“King Puranjana then began to think of his past dealings with his wife. He recalled that his wife would not take her dinner until he had finished his, that she would not take her bath until he had finished his, and that she was always very much attached to him, so much so that if he would sometimes become angry and chastise her, she would simply remain silent and tolerate his misbehavior.” (Shrimad Bhagavatam, 4.28.19)
न मय्य् अनाशिते भुङ्क्ते
नास्नाते स्नाति मत्-परा
मयि रुष्टे सुसन्त्रस्ता
भर्त्सिते यत-वाग् भयात्
na mayy anāśite bhuṅkte
nāsnāte snāti mat-parā
mayi ruṣṭe susantrastā
bhartsite yata-vāg bhayāt
Friend1: Anytime you get into a discussion about marriage, about the proper role for men and women, especially in a relationship, you are sure to ruffle some feathers.
Friend2: Why should women be treated differently than men? Why should the woman have to bear the burden of responsible behavior? The men have license to act like brutes, without any concern for the impact of their words?
Friend1: It is all about the difference in nature. One complementing the other. A union to serve a higher purpose. If you go against these natures, you have chaos.
Friend2: At least that is what saints like His Divine Grace A.C. Bhaktivedanta Swami Prabhupada teach. The less intelligent will apply labels to these viewpoints. “Traditional.” “Old-fashioned.” “Misogynist.”
Friend1: Whereas the modern way is somehow better. Look at the current situation. There is freedom in every area. Sex life. Eating. Gambling. Intoxication. Is anyone happy?
Friend2: They are more miserable than before. The human birth is meant for tapasya. Some voluntarily imposed austerity for furthering a higher goal.
Friend1: My question today relates to a verse that I came across in the Shrimad Bhagavatam. It is about Puranjana and attachment to his wife.
Friend2: Yes, this is a wonderful allegorical section. King Puranjana is not really a person. He is symbolic of the living entity and the struggle that he goes through in the human birth.
Friend1: Right, and so this particular verse describes how the living entity becomes attached to a chaste wife. There are three distinct features to her behavior. She does not eat before her husband. She does not bathe before him. And if her husband happens to lose his cool, she remains calm. She does nothing to further aggravate him.

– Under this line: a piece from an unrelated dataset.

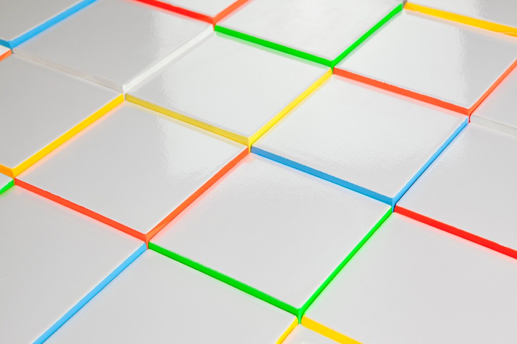 Scales, PerondaRaised edges in neon blue, green, pink, orange, red, and yellow turn these aptly-named wall tiles by Valencia, Spain–based studio MUT Design for Peronda into a vibrant array of scales. The 12cm squares have diagonally sloped sides and their white body reflects the bright hues to create a soft, colorful glow.

Friend2: If you attend “traditional” weddings of the Vedic culture, you will hear similar advice offered to the bride. The priest tells her never to eat before her husband. It is a respect thing. Make him feel like he is the boss. Always support him. That is the formula for happiness, at least in a marriage.
Friend1: Okay, I get that. But remember that Puranjana’s behavior is not ideal. The meaning is that his attachment to the wife, based on her good qualities, is not beneficial.

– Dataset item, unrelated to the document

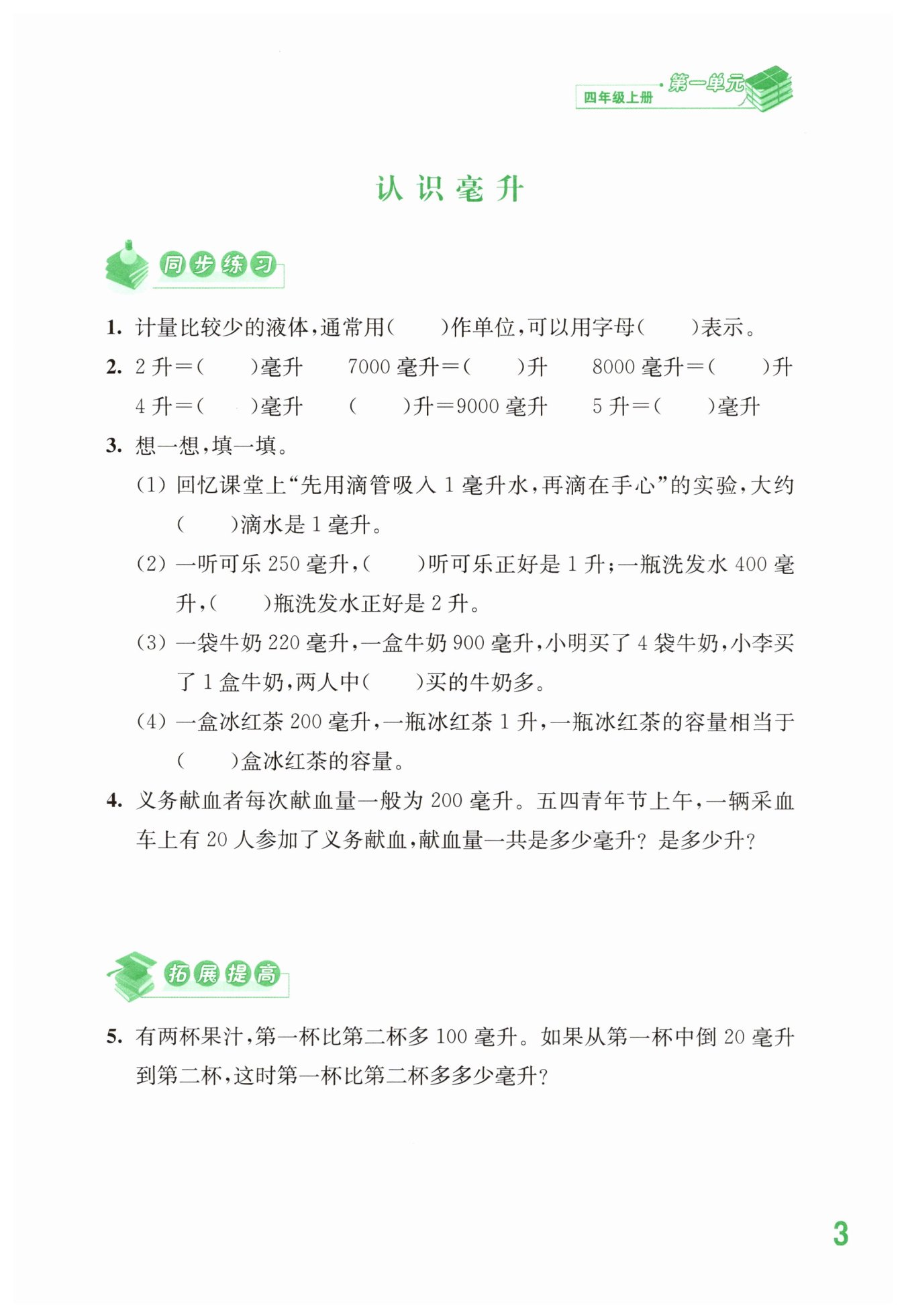 (4) 一瓶冰紅茶容量為1升,即1000毫升,所以相當(dāng)于1000毫升 ÷ 200毫升/盒 = 5盒。

Friend2: Yes, because if you are too attached to a woman, at the time of death you will think of her instead of Bhagavan. Then you have rebirth and go through the struggle again.

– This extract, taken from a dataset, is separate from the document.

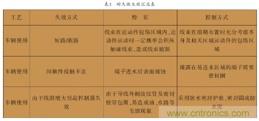 耐久性失效是一種隨著車輛使用,在中間環(huán)節(jié)形成的失效方式,是伴隨著車輛的生命周期隨機(jī)產(chǎn)生的,具有不可預(yù)測性。一旦失效會引起客戶對品牌的極大抱怨。此類失效多為線束在運(yùn)動件包絡(luò)區(qū)域內(nèi)發(fā)生,在達(dá)到一定的磨損后產(chǎn)生的,因此在初期不易察覺。如下表3為耐久性失效匯總表。

Friend1: Don’t you see the contradiction here?
Friend1: The Vedas advise a husband to behave a certain way. The wife should be tolerant. Yet if both follow the advice, they become attached to one another.
Friend2: That is a keen observation. How do you reconcile?
Friend1: I am asking you.
Friend2: The formula is there for material happiness. The meaning is that though the Vedas may be considered a religion, the advice given helps to advance the material condition, as well. Following the atheistic tendencies brings misery at every step.
Friend1: Alright, but isn’t the lesson that Puranjana should rise above material happiness?
Friend2: It is a warning. It is a case study. Shrimad Bhagavatam is shining the light on areas of possible trouble. “This is what you will go through in life. These are the problems that you might encounter. Watch out for them.“
Friend1: I see. Okay, now what about the opposite situation? Say that my wife does none of those things.
Friend2: What things?
Friend1: She eats before me. She maybe bathes once every few days; certainly not taking into consideration my schedule. She riles me up and makes me angrier than I need to be.
Friend2: Oh, I get it now.
Friend1: Is that a good thing for me?
Friend2: If it helps you stay attached to Bhagavan. You can take it as a great blessing from above. Shri Krishna is helping you to stay free of attachments. He wants you to think of Him. If you want to appreciate a chaste wife, think of Sita Devi, the beloved of Shri Rama. Only God deserves such a spouse, and anyone who follows in Lakshmi’s footsteps embodies her devotional spirit.
Friend1: You are basically saying that I can take positives out of either situation.
Friend2: Absolutely. Always chant the holy names, be mindful of the pitfalls of attachment, and never forget Bhagavan: Hare Krishna Hare Krishna, Krishna Krishna, Hare Hare, Hare Rama Hare Rama, Rama Rama, Hare Hare.
Puranjana to wife attached,
Failed at becoming detached.
For liberation’s end,
Instead to rebirth to send.
But Vedas recommending behavior so,
That wife after husband’s way to go.
Idea that for material happiness accounting,
But potential for trouble not discounting.